重新定义蛋白质二级结构预测的目标。

Redefining the goals of protein secondary structure prediction.

作者信息

Rost B, Sander C, Schneider R

机构信息

EMBL Heidelberg, Germany.

出版信息

J Mol Biol. 1994 Jan 7;235(1):13-26. doi: 10.1016/s0022-2836(05)80007-5.

DOI:10.1016/s0022-2836(05)80007-5

PMID:8289237

Abstract

Secondary structure prediction recently has surpassed the 70% level of average accuracy, evaluated on the single residue states helix, strand and loop (Q3). But the ultimate goal is reliable prediction of tertiary (three-dimensional, 3D) structure, not 100% single residue accuracy for secondary structure.
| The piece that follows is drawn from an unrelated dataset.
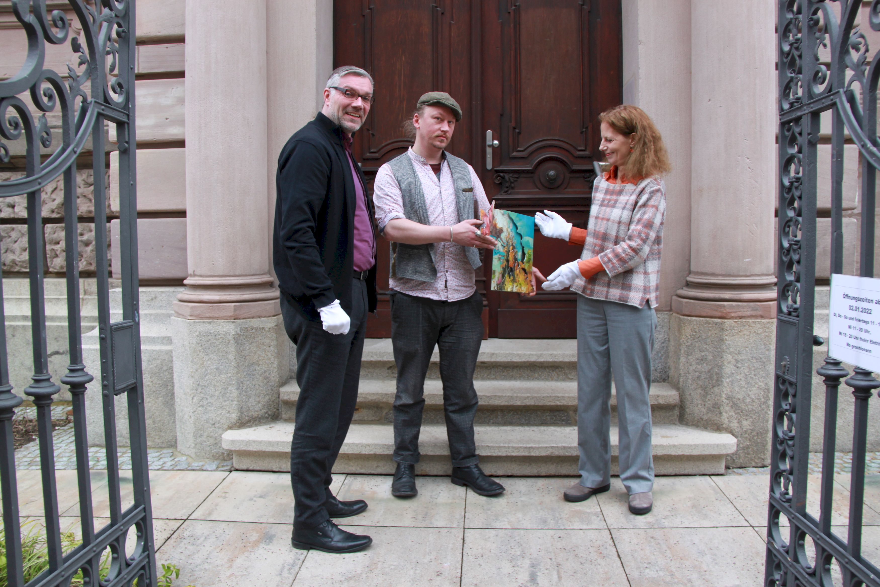 Andreas Wissen übergibt als Kunstvilliger das Werk „Der Barock gewinnt“ von Kai Klahre (Mitte) an die Leiterin der Kunstvilla Andrea Dippel.
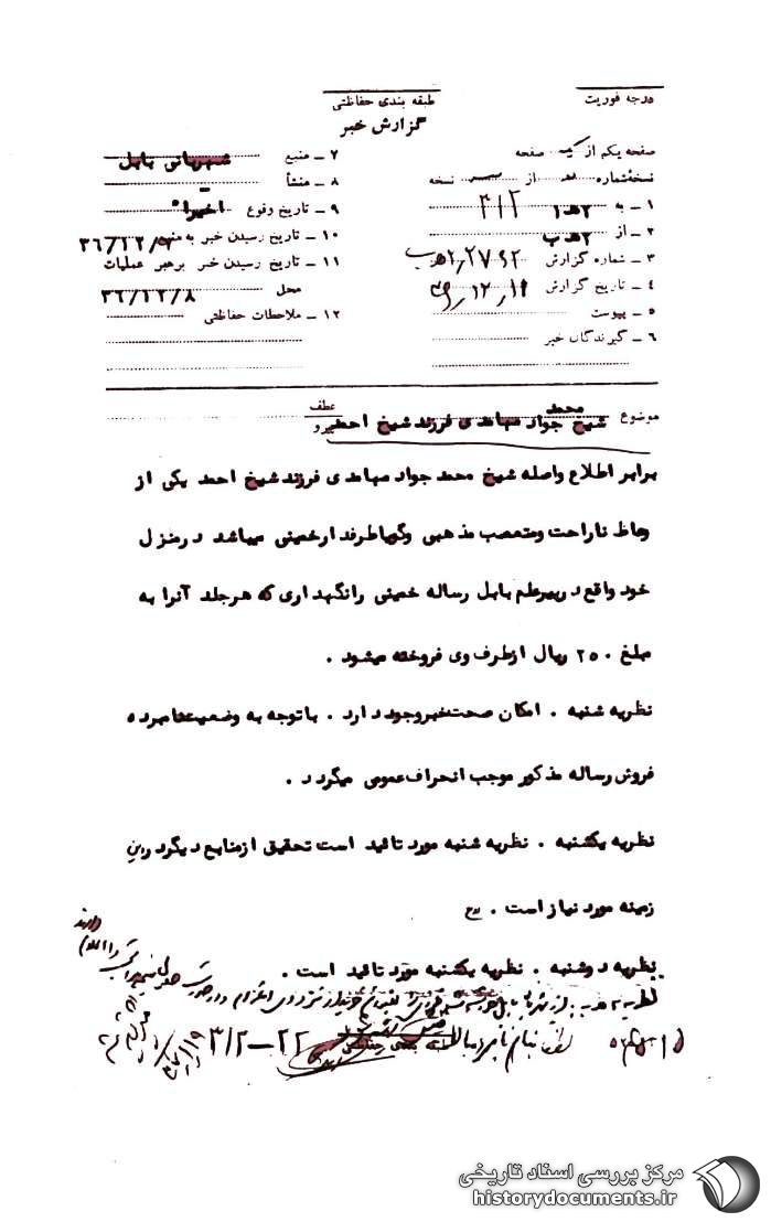 برابر اطلاع واصله شیخ محمدجواد محامدی فرزند شیخ احمد یکی از وعاظ ناراحت و متعصّب مذهبی و گویا طرفدار خمینی میباشد در منزل خود واقع در پیرعلم بابل رساله خمینی را نگهداری که هر جلد آن را به مبلغ 250 ریال از طرف وی فروخته میشود.

A comparison of pairs of structurally homologous proteins with divergent sequences reveals that considerable variation in the position and length of secondary structure segments can be accommodated within the same 3D fold. It is therefore sufficient to predict the approximate location of helix, strand, turn and loop segments, provided they are compatible with the formation of 3D structure. Accordingly, we define here a measure of segment overlap (Sov) that is somewhat insensitive to small variations in secondary structure assignments. The new segment overlap measure ranges from an ignorance level of 37% (random protein pairs) via a current level of 72% for a prediction method based on sequence profile input to neural networks (PHD) to an average 90% level for homologous protein pairs. We conclude that the highest scores one can reasonably expect for secondary structure prediction are a single residue accuracy of Q3 > 85% and a fractional segment overlap of Sov > 90%.

摘要

二级结构预测最近在单残基状态的螺旋、链和环（Q3）评估中平均准确率已超过70%。但最终目标是可靠预测三级（三维，3D）结构，而非二级结构的100%单残基准确率。对具有不同序列的结构同源蛋白质对进行比较发现，在相同的3D折叠中可以容纳二级结构片段的位置和长度的相当大变化。因此，只要螺旋、链、转角和环片段的预测位置与3D结构的形成兼容，预测其大致位置就足够了。相应地，我们在此定义了一种片段重叠度（Sov）度量，它对二级结构分配中的小变化不太敏感。新的片段重叠度度量范围从37%的无知水平（随机蛋白质对），到基于序列轮廓输入到神经网络（PHD）的预测方法目前72%的水平，再到同源蛋白质对平均90%的水平。我们得出结论，二级结构预测可以合理期望的最高分数是Q3的单残基准确率>85%以及Sov的片段重叠分数>90%。